Was Francis Fukuyama the first man to see Trump coming?
"Fukuyama combined Nietzsche’s idea of the last man with his own diagnosis of underlying human psychology. His prognosis was that the outlook for post-History Western society was not good. It was possible that the last men at the end of History might sink down into a brutish contentment with material comforts, rather like dogs lying around in the afternoon sun (this was what Kojève predicted). But they might well go the other way. There was every chance that the last men (and women) would be deeply discontented with their historically unprecedented ease and luxury, because it failed to feed megalothymia.

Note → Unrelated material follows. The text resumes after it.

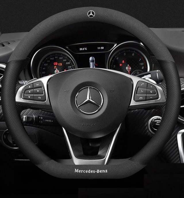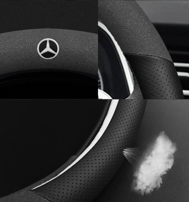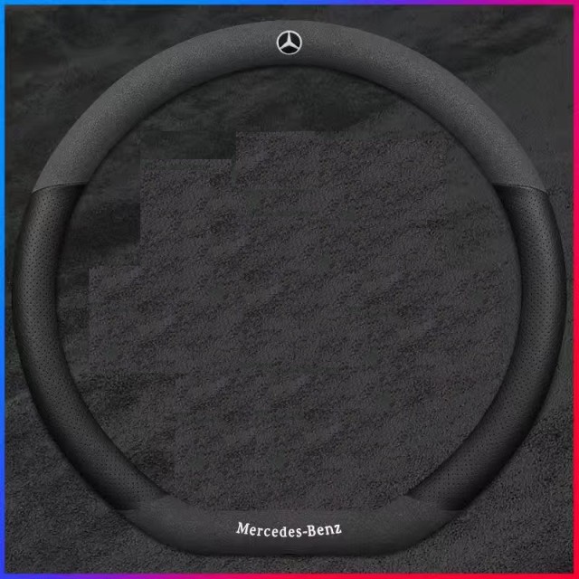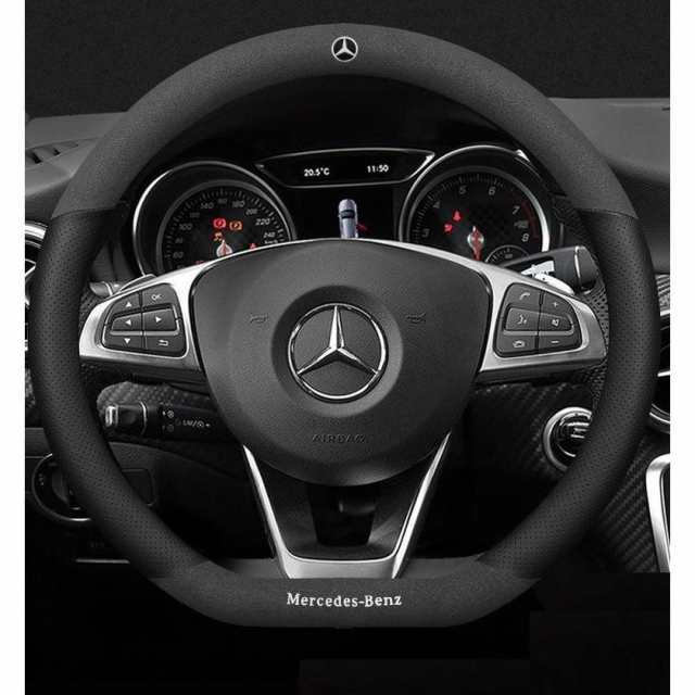 ◆メルセデス・ベンツ◆ハンドルカバー ステアリングカバー ハンドル保護 コンパス 滑り止め 専車ロゴ 38CM D型◆ブラック アルカンターラ調+レザー◆aaec qtm

If the last men went this way, they would become bored by what Fukuyama called ‘masterless slavery – the life of rational consumption’. The spread of egalitarian values that went along with secular democratic politics would open up spaces of severe resentment – especially, we might now postulate, among those who had lost their traditional places at the top of social hierarchies, and felt cheated of the recognition that they believed they were owed. (Sound familiar?)"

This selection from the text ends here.